Target Analysis - Toll-like receptors
Drugs inhibiting Toll-like receptors
As well as TLR agonists there are also a number of antagonists in development for various indications. Systemic lupus erythamatosus (SLE) is an autoimmune disorder in which it is thought that an immune complex of autoantibodies and protein-bound DNA interacts with dendritic cells and subsequently leads to the activation of intracellular TLR9. Current therapies for SLE are general immunosuppressants which can of course lead to a host of unwanted and potentially dangerous side-effects. TLR-targeted therapies may thus represent a more specific approach. Dynavax Technologies’ TLR7/9 antagonist, IRS-954, has already shown early signs of efficacy; in a murine model of lupus, it reduced serum levels of nucleic acid-specific antibodies and decreased proteinurea, glomerularnephritis and end-organ damage, producing an overall survival benefit.

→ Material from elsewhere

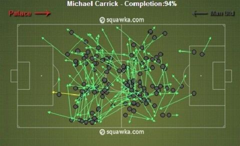 Còn theo thống kê của Squawka, ở trận đấu với Crystal Palace, Carrick có tỉ lệ chuyền bóng chính xác là 94%. Những đường chuyền của Carrick góp phần quan trọng giúp Man United kiểm soát bóng nhiều hơn Crystal Palace. Đội bóng áo đỏ có tỉ lệ cầm bóng là 60% ở cuộc đụng độ đó.

A more advanced TLR antagonist is Eisai’s eritoran tetrasodium, which targets TLR4 and has reached Phase III trials for the treatment of sepsis and septic shock. In Phase I trials it proved its ability to dose-dependently inhibit TNF-α production, although the results from Phase II trials were not outstanding - 28-day all-cause mortality rates in 293 patients with severe sepsis were 26.9 and 32% on 105mg eritoran tetrasodium every 6 days and 45mg every 6 days, respectively, compared with 33.3% on placebo. However, the trial in question was not sized to show significance, so it remains to be seen how the drug will perform in the largerscale Phase III trial.